EU foreign affairs chief says stalled talks demand a 'sense of urgency,' as the bloc readies to vote on recognizing 'Palestine.'

Arutz Sheva Staff, | updated: 19:25

Federica Mogherini
Federica Mogherini
Reuters

New EU foreign affairs chief Federica Mogherini called on Israel and the Palestinian Authority (PA) Wednesday to resume direct peace talks, as the European Parliament debated whether to recognize a Palestinian state, AFP reports. 

MEPs will hold a symbolic vote in December, following resolutions passed by the British and Spanish parliaments, and an official decision to recognize Palestine by the Swedish government.

France's National Assembly is set to vote on a non-binding resolution on December 2.

The Middle East process restarted in July 2013 but has been on hold since April, with tensions and violence mounting again dramatically in recent weeks.

"The sense of urgency is getting higher and higher in the absence of a political context," Mogherini told lawmakers at the start of what she said was a "timely" debate.

"There has to be a direct dialogue."

The former Italian foreign minister, who has taken over as diplomatic chief of the 28-nation European Union, said the bloc was ready to "play a role" in moving the peace process forward.

She also reiterated her support for a two-state solution to resolve the crisis.

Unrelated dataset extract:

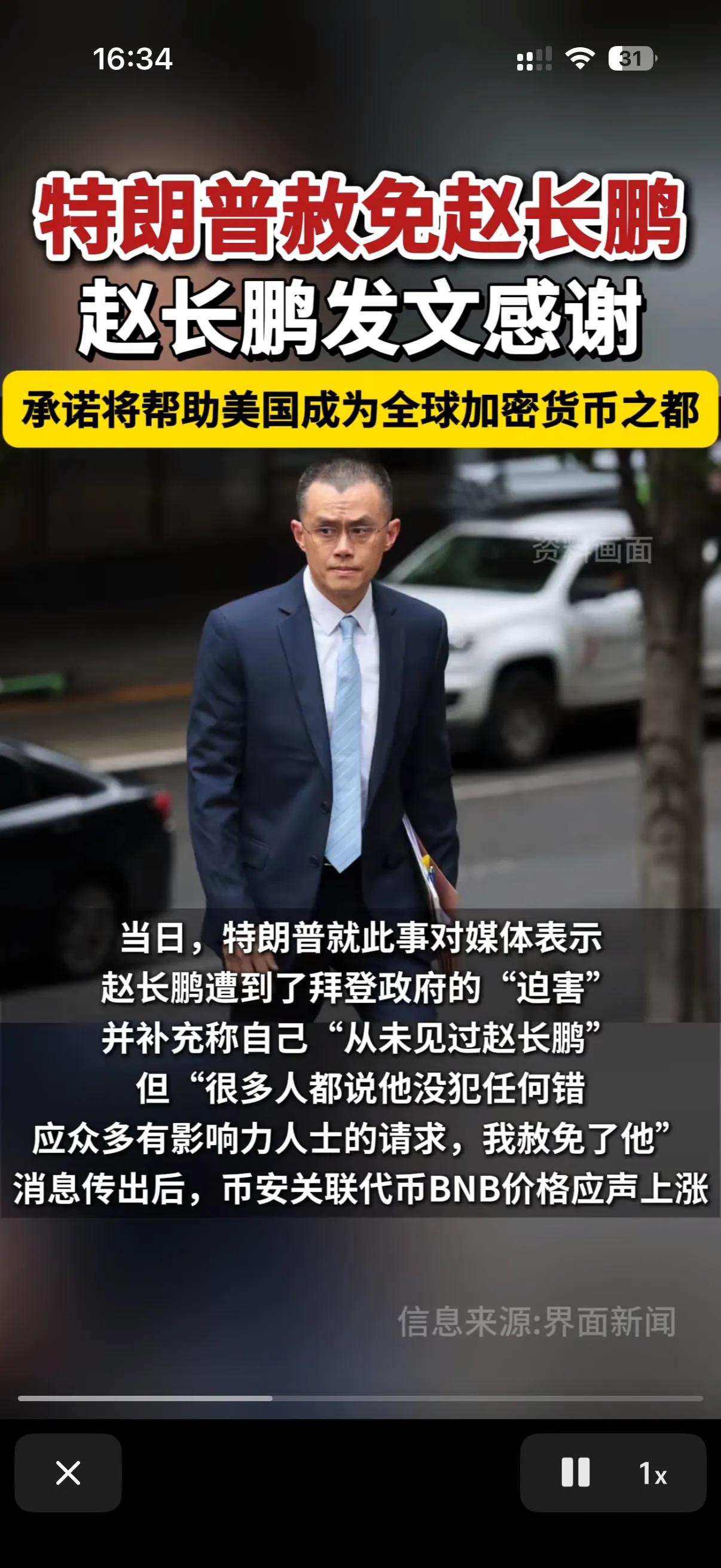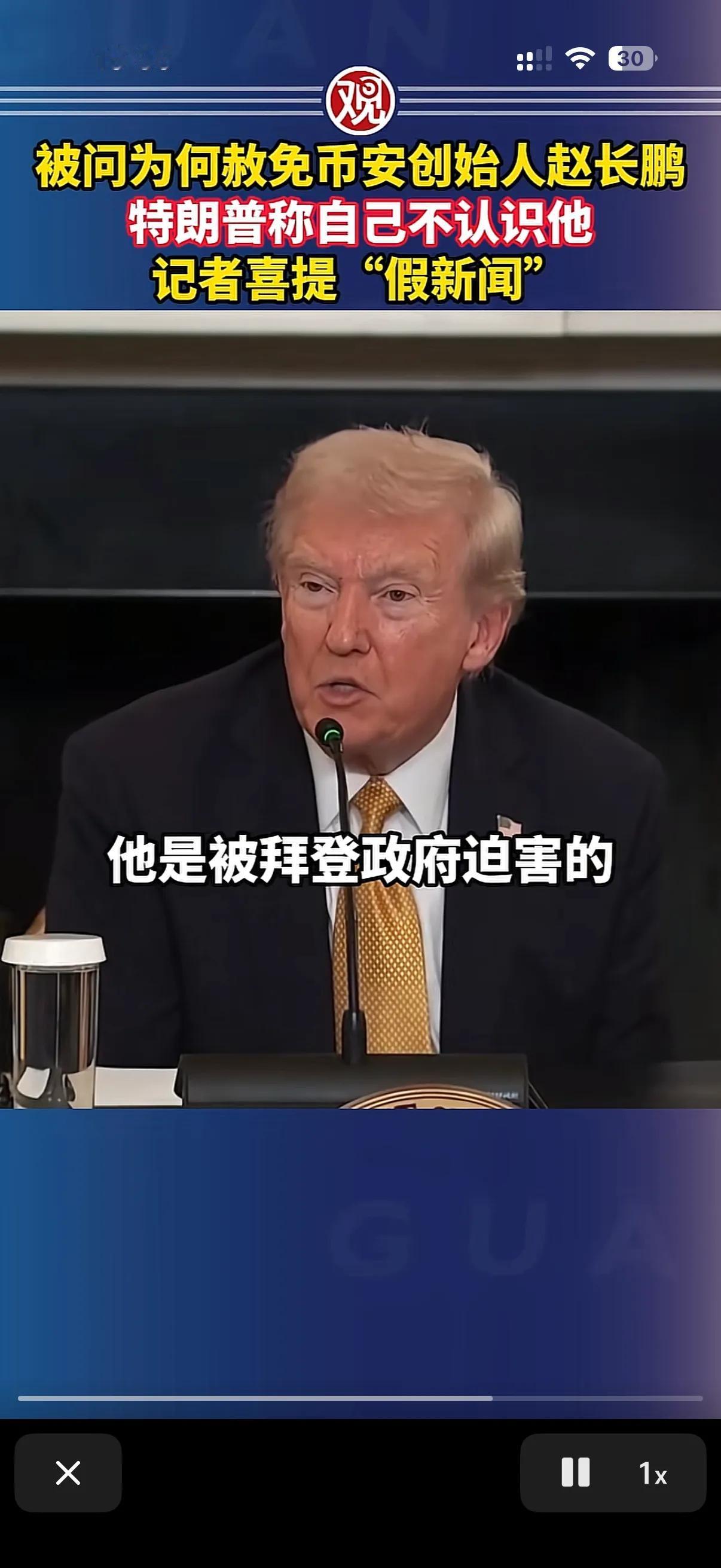 特朗普又行使了自己的总统特权! 特朗普赦免了赵长鹏,就是加密货币交易币安创始人! 在前几年,拜登执政期间赵长鹏被美国政府起诉,赵长鹏认罪服刑四个月! 最近在记者采访期间问特朗普为什么要赦免赵长鹏? 特朗普随后反问,赵长鹏是谁,我不认识他! 随后记者向特朗普介绍赵长鹏被起诉服刑! 随后特朗普反驳记者,称记者就是个假记者,赵长鹏是被拜登政府迫害的,他之所以赦免赵长鹏,就是因为赵长鹏没有犯罪,他是个好人! 有媒体爆出,赵长鹏之所以被赦免,其实是因为赵长鹏参与了特朗普家族的加密货币创建和运营! 也算是从龙之臣了!

The European Parliament was initially due to vote on Thursday on the motion to recognize a Palestinian state but it was postponed until December at the last minute.

Last month, Sweden became the first official EU country to recognize the "State of Palestine," prompting its ambassador to be recalled from Jerusalem in retaliation. 

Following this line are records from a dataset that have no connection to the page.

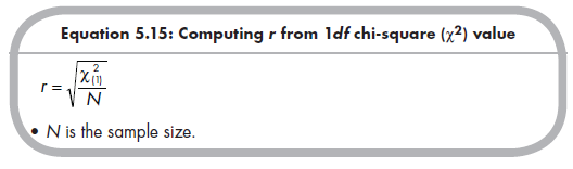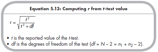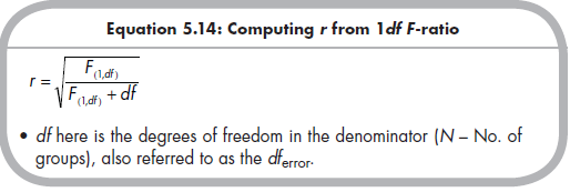 As when computing r from significance tests (t or F), it is important to take either the positive or negative square root from Equation 5.16 to represent the direction of the effect.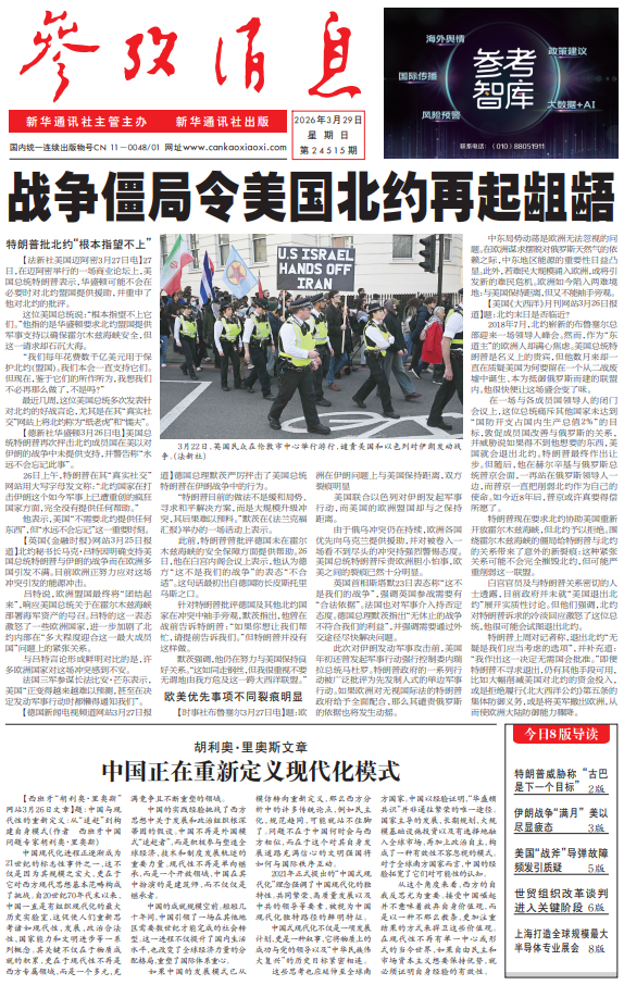 今日出版的《参考消息》数字报,五大看点不容错过。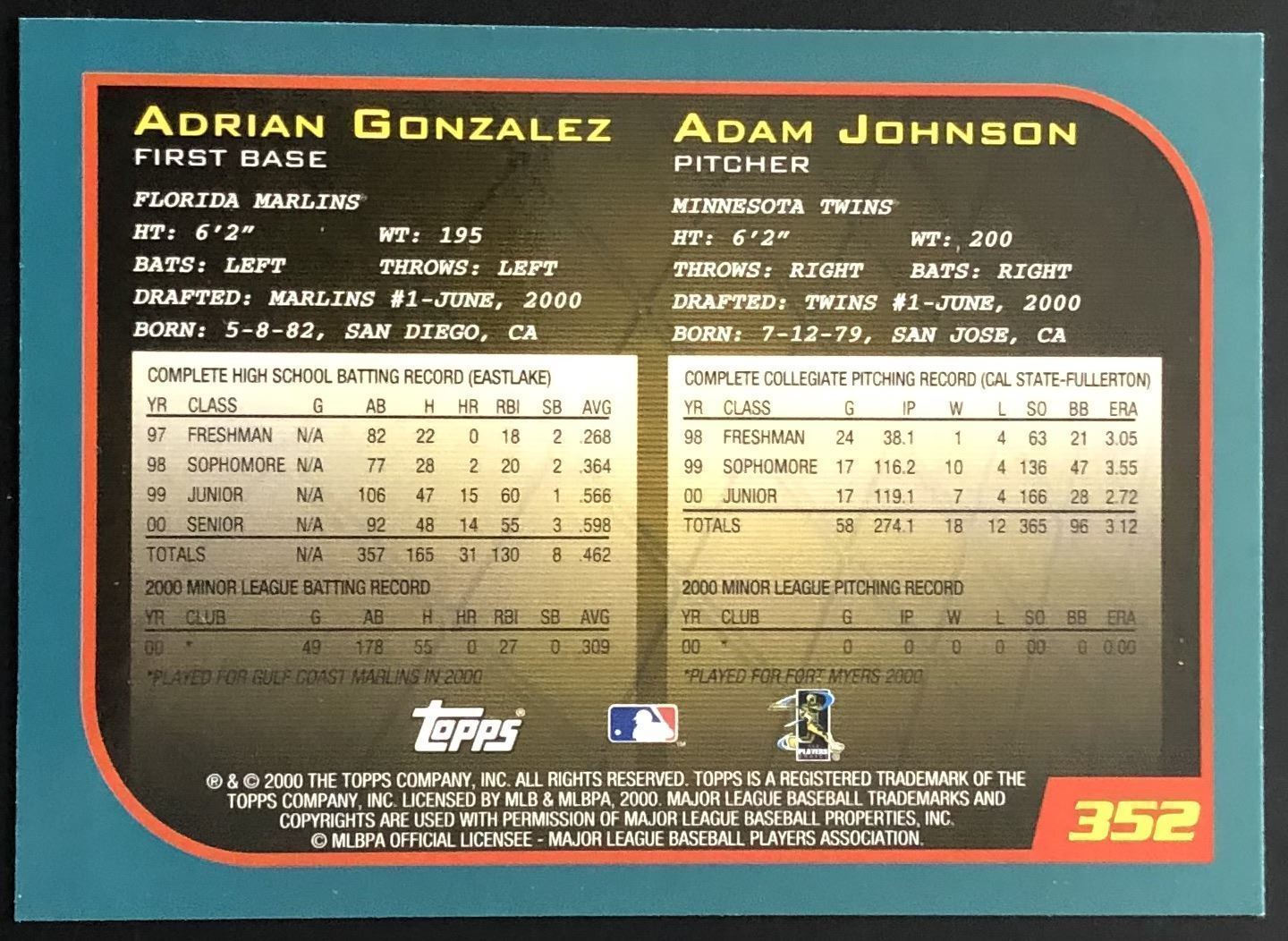 Lot 452 2001 TOPPS MLB ADRIAN GONZALEZ ROOKIE CARD
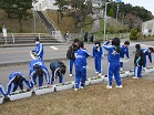 JRC部で学校前の道路にプランターを並べました。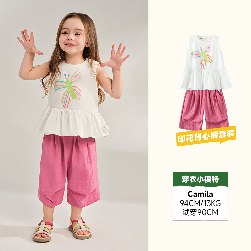 어린이 의류 2025 여름 새로운 어린이 귀여운 투피스 소녀의 달콤한 나비 반팔 바지 세트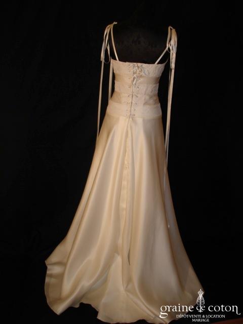 Robe une pièce ivoire : bustier en bandes horizontales de satin, soie sauvage, dentelle de calais et dentelle de chantilly, jupe trapèze en triple organza de soie. Dos lacé, bretelles ajustables grâce à un système de longs rubans de satin retombant sur la robe. Matières de grande qualité et coupe originale.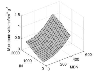 由于微孔由于其尺寸而優(yōu)先被碘分子存取,所以碘值也通過(guò)最小二乘回歸與微孔體積直接相關(guān)。然而,所獲得的誤差要高于考慮亞甲藍(lán)和碘值時(shí)的誤差。這表明亞甲藍(lán)在微孔體積預(yù)測(cè)中有一定貢獻(xiàn),可能是由于在較大微孔中的吸附。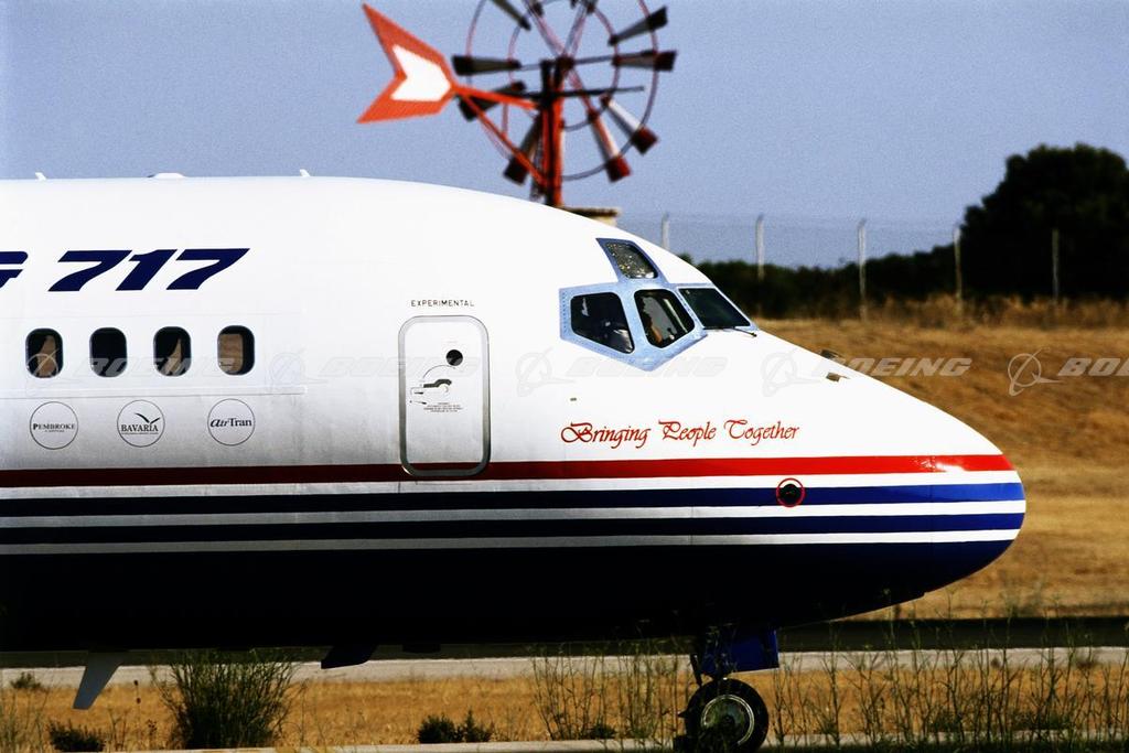 The 717 is a full-size twinjet designed specifically for the short-range, 100-seat regional airline market and is a very efficient and exceptionally quiet airplane. Its advanced technologies and rugged simplicity of design allow it quick turnaround time at a wide range of airports, so crew and passengers spend less time on the ground. It makes effective use of today's technology to lower operating costs, reduce noise and emissions, and provide big jet comfort. The airplane, formerly MD-95, was designated the Boeing 717 following the merger of McDonnell Douglas and The Boeing Company in 1997. In early 2005, after careful assessment of the challenging 100-seat market, Boeing announced that it will conclude 717 production in 2006 after delivering on current customer commitments.

However, it is unclear how binding that decision is, as Foreign Minister Margot Wallstroem admitted Monday that it would not open an embassy in Ramallah following the announcement. 

"Nobody has opened an embassy in Ramallah, and we think that this can be managed by the consulate in Jerusalem, which is a satisfactory solution for us," Wallstroem told public radio.

Meanwhile, the UK's own recognition of a "Palestinian state" in a landslide vote of 274 to 12 in October has sparked uproar from local politicians and Israeli ministers alike - with Intelligence Minister Yuval Steinitz blaming the move specifically for an upswing in terrorism. 

The opposition has not deterred a trend of declaring the PA a "state." however, and Spain became the third nation to officially vote to recognize the PA as a country last week.